Plantó una leve sonrisa en su rostro para irradiar la amigabilidad que necesitaba proyectar, pero la necesidad de hacerlo hizo que apretara los dientes. Podría encontrar otro vuelo, pero poco factible antes del día siguiente. La posibilidad de que al día siguiente fuera demasiado tarde fue lo que la impulsó a tomar en consideración el empleo del encanto.
–¿Señor Coryell? –comenzó cuando al fin lo alcanzó–. Tengo entendido que va a volar a Colorado –esas gafas con espejo se posaron en ella unos momentos mientras caminaban juntos. Ella se obligó a sonreír aún más bajo su escrutinio, aunque el esfuerzo pareció una mueca incómoda–. Estoy más que dispuesta a pagarle –añadió, luchando por mantener la voz razonable y agradable. La sorpresa de su silencio hizo que aminorara el paso. Al ver que el otro continuaba, titubeó y corrió en pos de él, molesta por la indignidad de tener que perseguirlo–. He de llegar a Colorado por la noche, señor Coryell –llamó, cada vez más frustrada. Con las mejillas acaloradas por la humillación, echó un rápido vistazo hacia la oficina y el hangar para ver si alguien los miraba.
Y al siguiente instante chocó con la espalda de Linc. Éste había aminorado la marcha cuando ella no miraba. Jadeó y saltó atrás como si la hubieran quemado.

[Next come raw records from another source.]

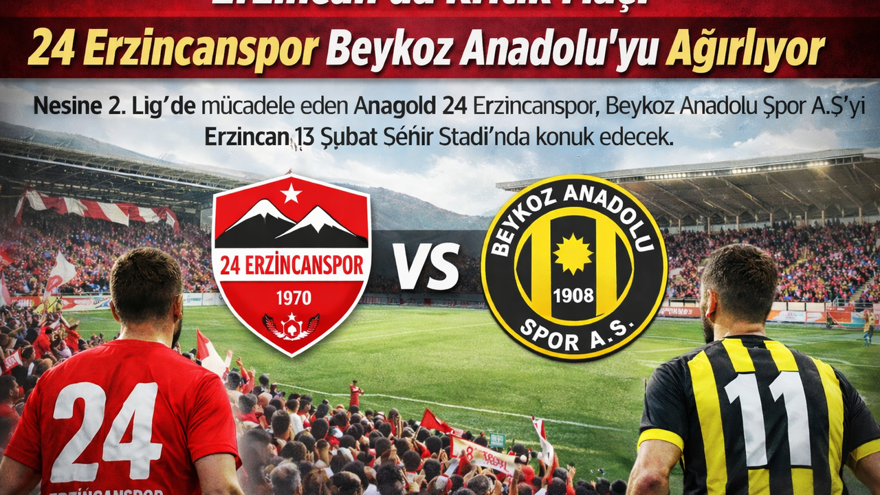 Nesine 2. Lig’de mücadele eden Anagold 24 Erzincanspor, sahasında önemli bir karşılaşmaya çıkıyor. Erzincan temsilcisi, Beykoz Anadolu Spor A.Ş. ile 11 Mart 2026 tarihinde Erzincan 13 Şubat Şehir Stadı’nda karşı karşıya gelecek. Saat 13.30’da başlayacak mücadele, ligin kritik karşılaşmaları arasında gösteriliyor.
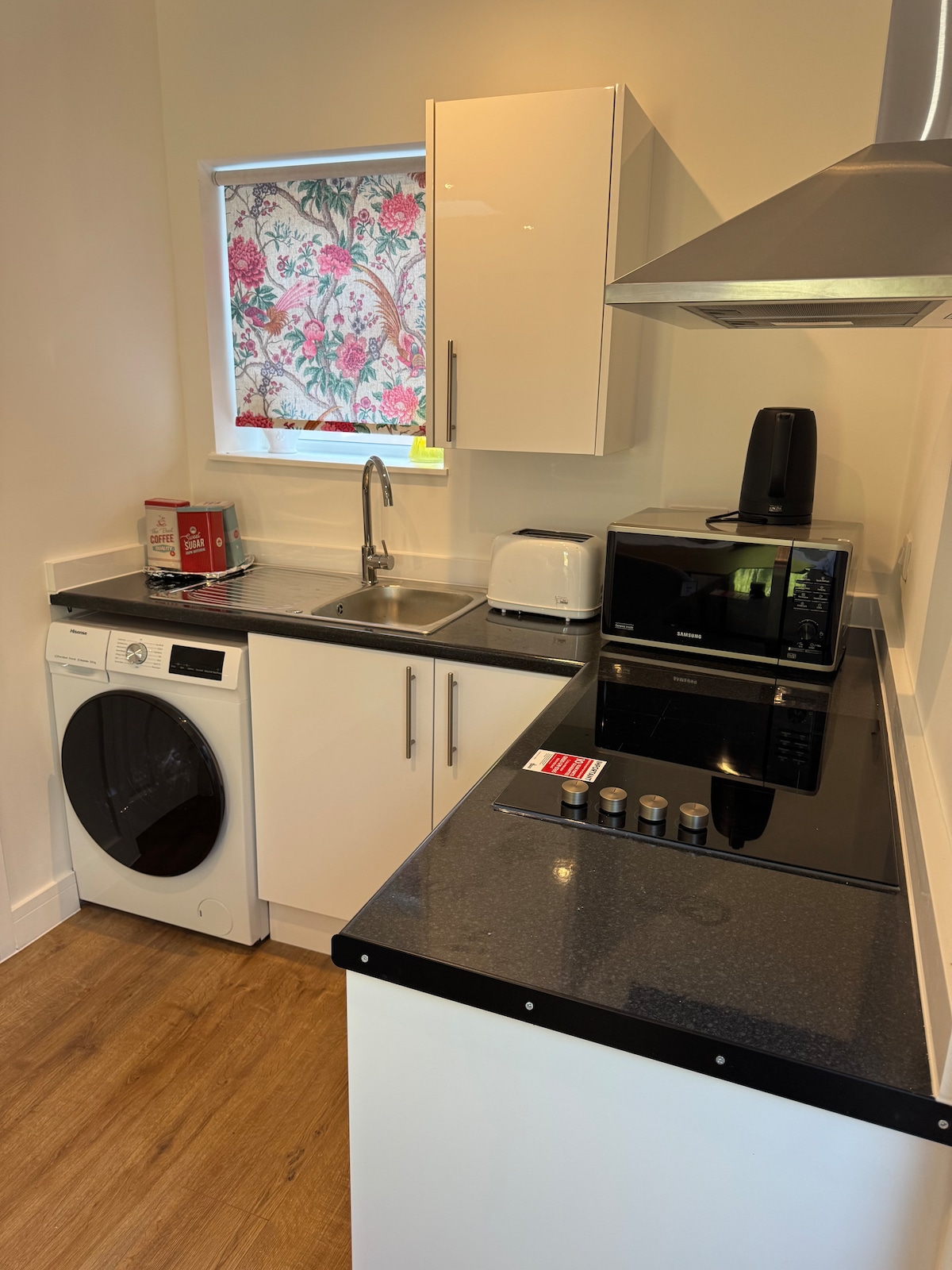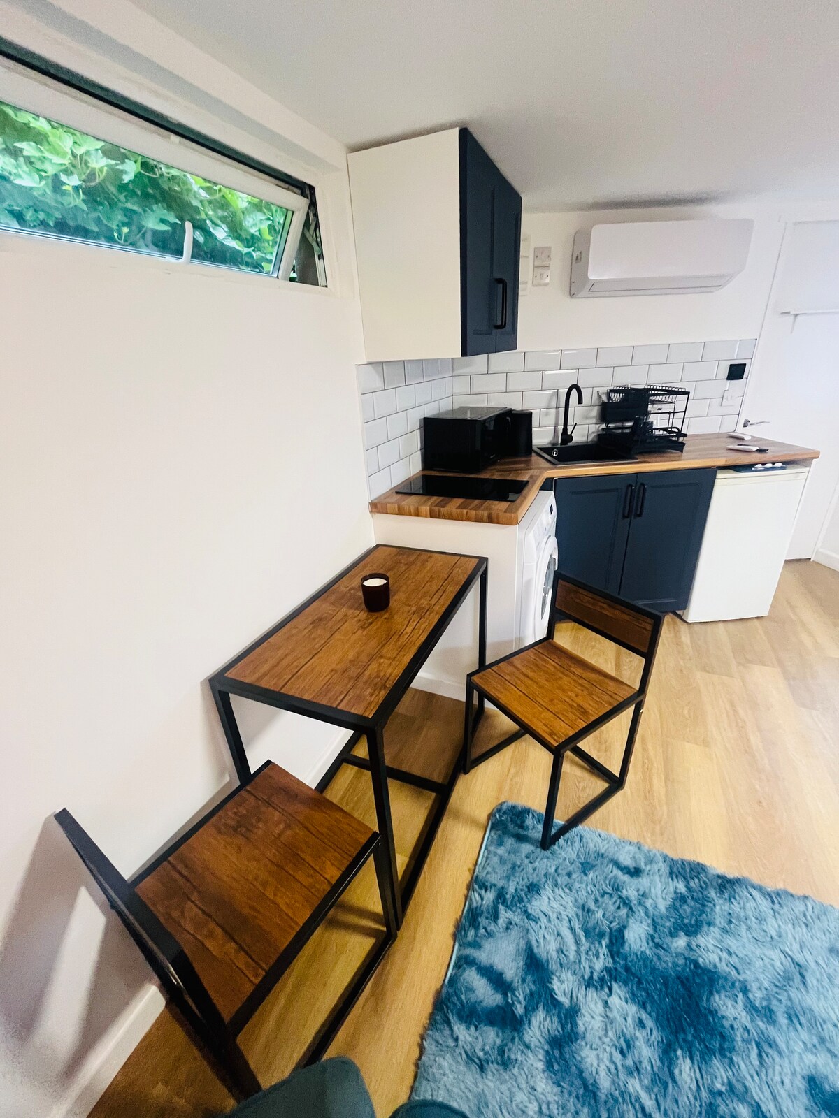 Um lindo apartamento independente na parte inferior do nosso jardim isolado por árvores. o apartamento tem uma área externa agradável com mesa e cadeiras no pátio. Dentro há uma grande cozinha em plano aberto, jantar, sala com sofá-cama e uma cozinha bem equipada com forno duplo, geladeira congelador, máquina de lavar louça, máquina de lavar roupa micro-ondas, torradeira, chaleira e muito mais. Há uma grande TV smart e Wi-Fi, mesa de jantar. Quarto com cama king size e guarda-roupa embutido. Banheiro com box.
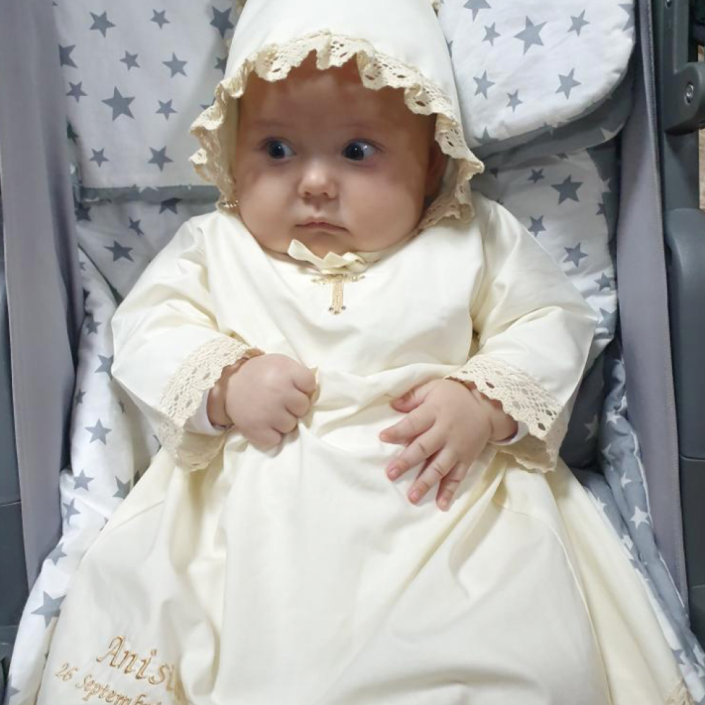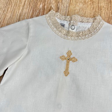 | Descriere | Cămașă clasică de botez, cu croială tradițională, simbolizează puritatea și începutul unei vieți noi. Nu restricționează mișcările bebelușului și se îmbracă ușor după ritualul de spălare |
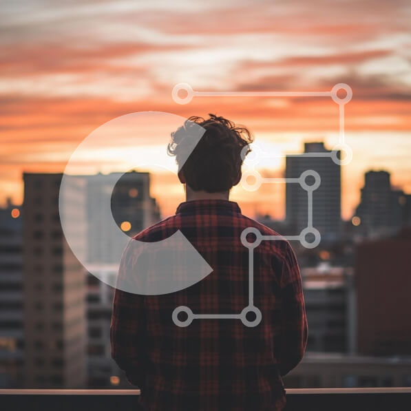 Intra Συλλεκτικό Ξύλινο Παζλ Plywood 4mm – Στοχαστική στιγμή στο ηλιοβασίλεμα πάνω από τον ορίζοντα της πόλης Σε Ξύλινο Κουτί – Διαστάσεις Puzzle: 10×10 cm – 25 κομμάτια
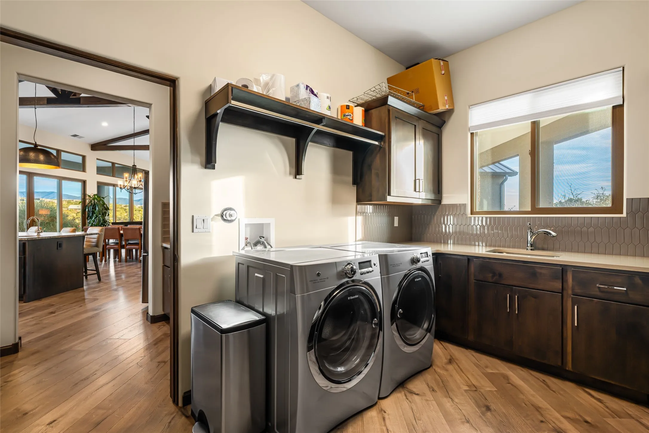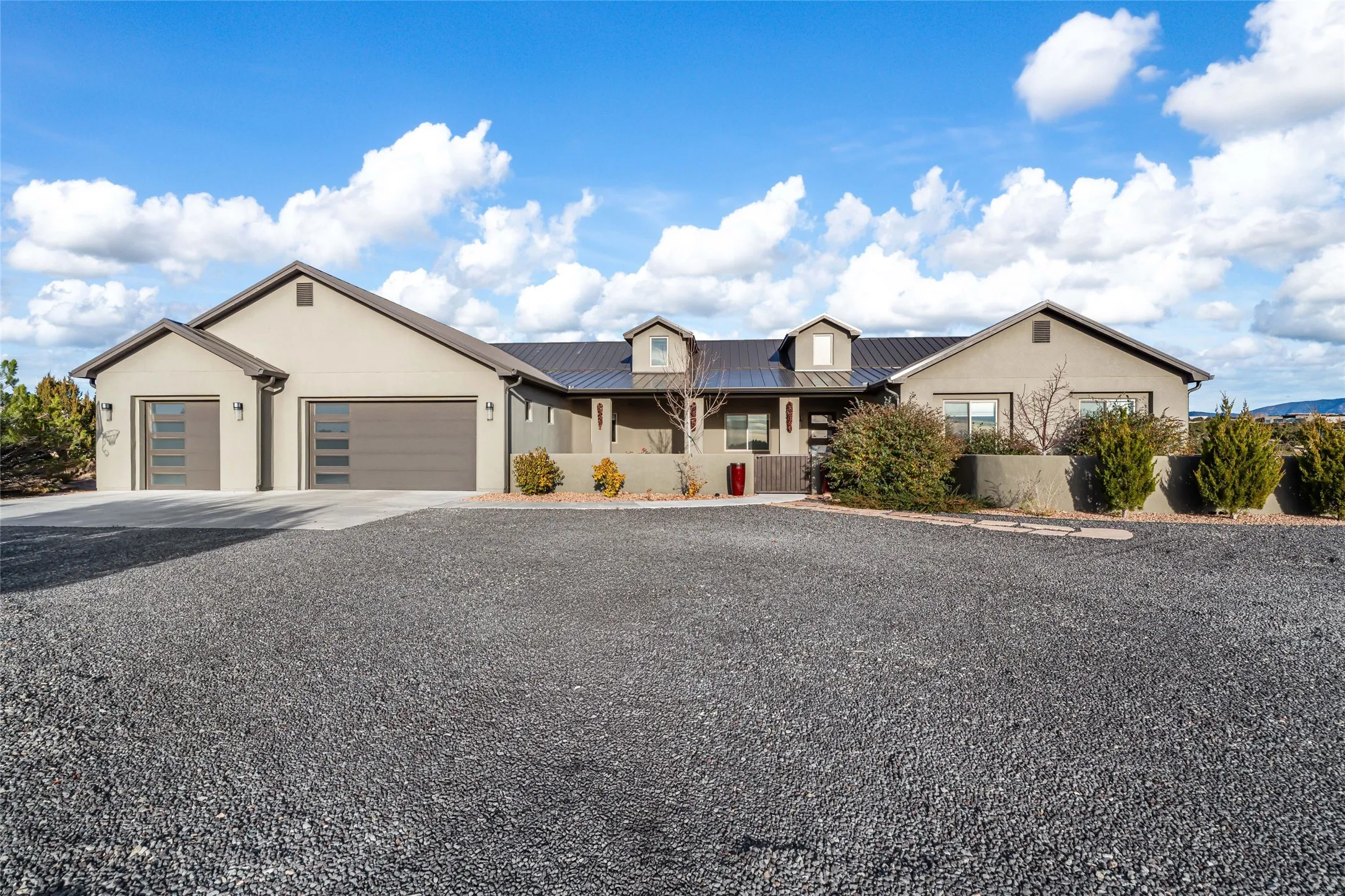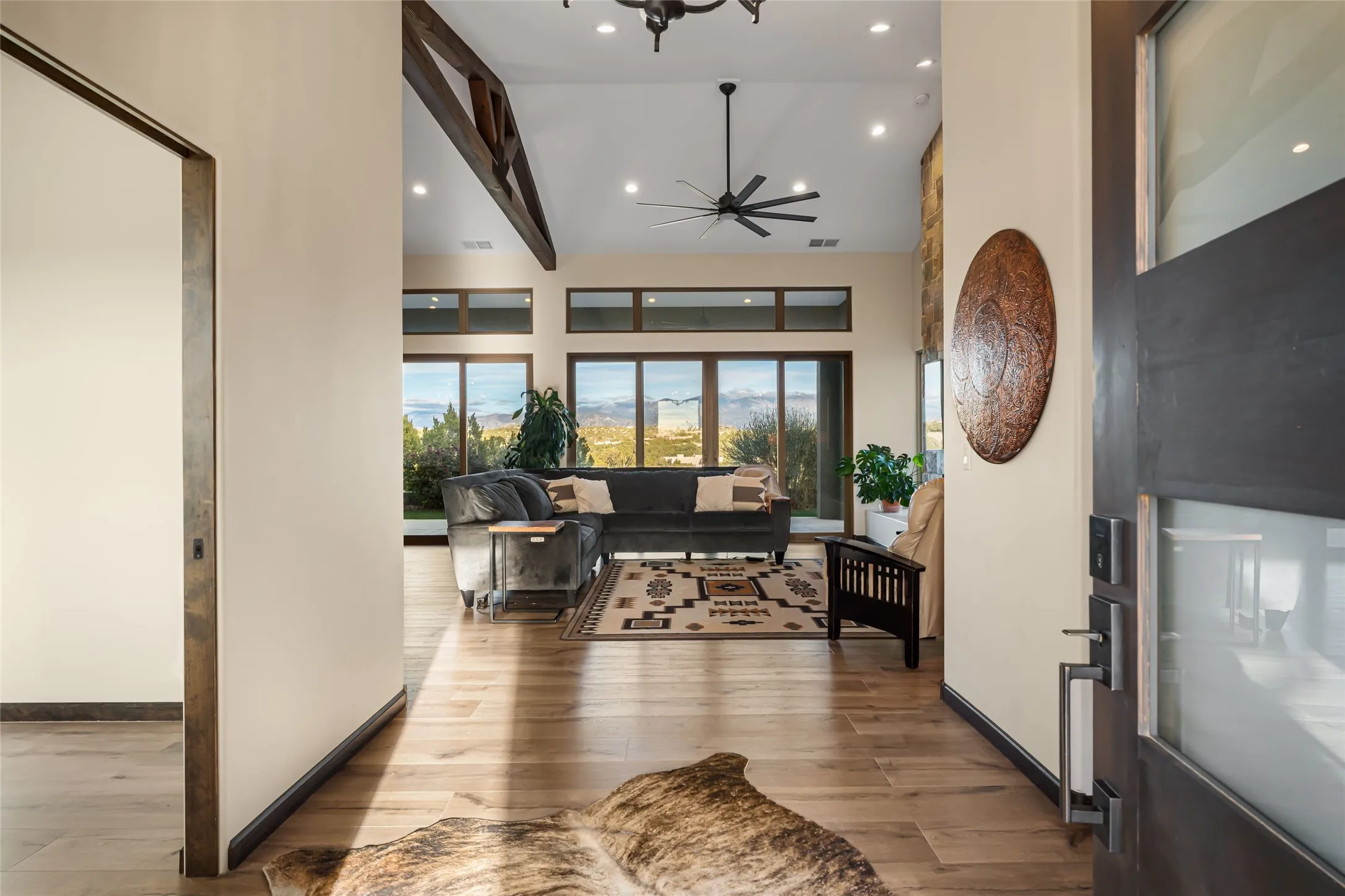 This exceptional 4-bedroom, 3.5-bath home features an open-concept main living area, a private Primary Suite, three Guest Bedrooms, a dedicated Office, and a large Workout Studio/Bonus Room. An expansive wall of floor-to-ceiling windows provides unobstructed mountain views, framing the Sangre de Cristos like artwork. Sunsets paint the landscape in soft desert hues, which become an everyday backdrop to living, dining, and entertaining.
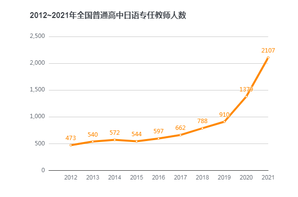 直到2017年下半年,教师认定资格考试中才增加日语等小语种学科。根据教育部最新数据,2020~2021年度全国普通高中日语专任教师达2107人,英语老师则有281941人。目前,多数学校采取与校外日语机构合作的方式, 将日语课程的教学任务“外包”。
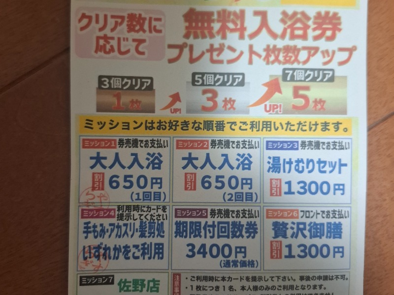 これで佐野に行けば、無料入浴券をゲットと
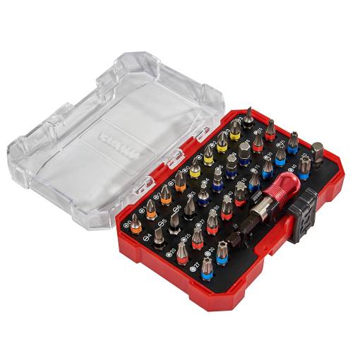 Набір біт з тримачем 32 предметів Vitals Master призначений для монтажу та демонтажу різьбових з'єднань з різними типами шліців. Довжина насадок складає 25 мм. Використовується як в ручному інструменті, так і з шурупокрутами, завдяки універсальному шестигранному хвостовику 1/4″.
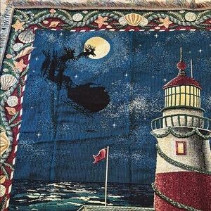 Crown Crafts Throw Blanket Lighthouse Christmas Santa Nautical Holiday Tapestry

Y así había sido. El calor de su cuerpo grande y de sus ropas calentadas por el sol la había abrasado; apenas pudo contenerse de evitar inspeccionarse en busca de algún daño. Pero él se había vuelto y la línea de su boca atractiva la advertía de que estaba irritado.
Sabiendo que debía mostrarse cortés si quería tener alguna esperanza de convencerlo de que la llevara a Colorado, volvió a obligarse a exhibir una sonrisa tan nerviosa y antinatural como la anterior.
–Lo siento, señor Coryell. No esperaba que frenara tan… bruscamente –la disculpa daba a entender de forma automática que él era el culpable por detenerse, lo cual era cierto. Pero no aceptaba la culpa con facilidad. Madison lo notó por el endurecimiento de la mandíbula firme. Obligada a recuperarse del desliz, se vio forzada a añadir–: Durante un instante no miré por dónde iba –titubeó, dándose un instante para ocultar la aversión que experimentaba por disculparse dos veces–. Discúlpeme.
No se había percatado de lo alto que era Lincoln Coryell ni de los hombros anchos que tenía hasta que quedó a medio metro de distancia. La parte superior de su cabeza apenas le llegaba a los hombros. Los espejos de sus gafas estaban inclinados hacia ella, y ver los reflejos gemelos de sí misma hizo que se sintiera aún más pequeña.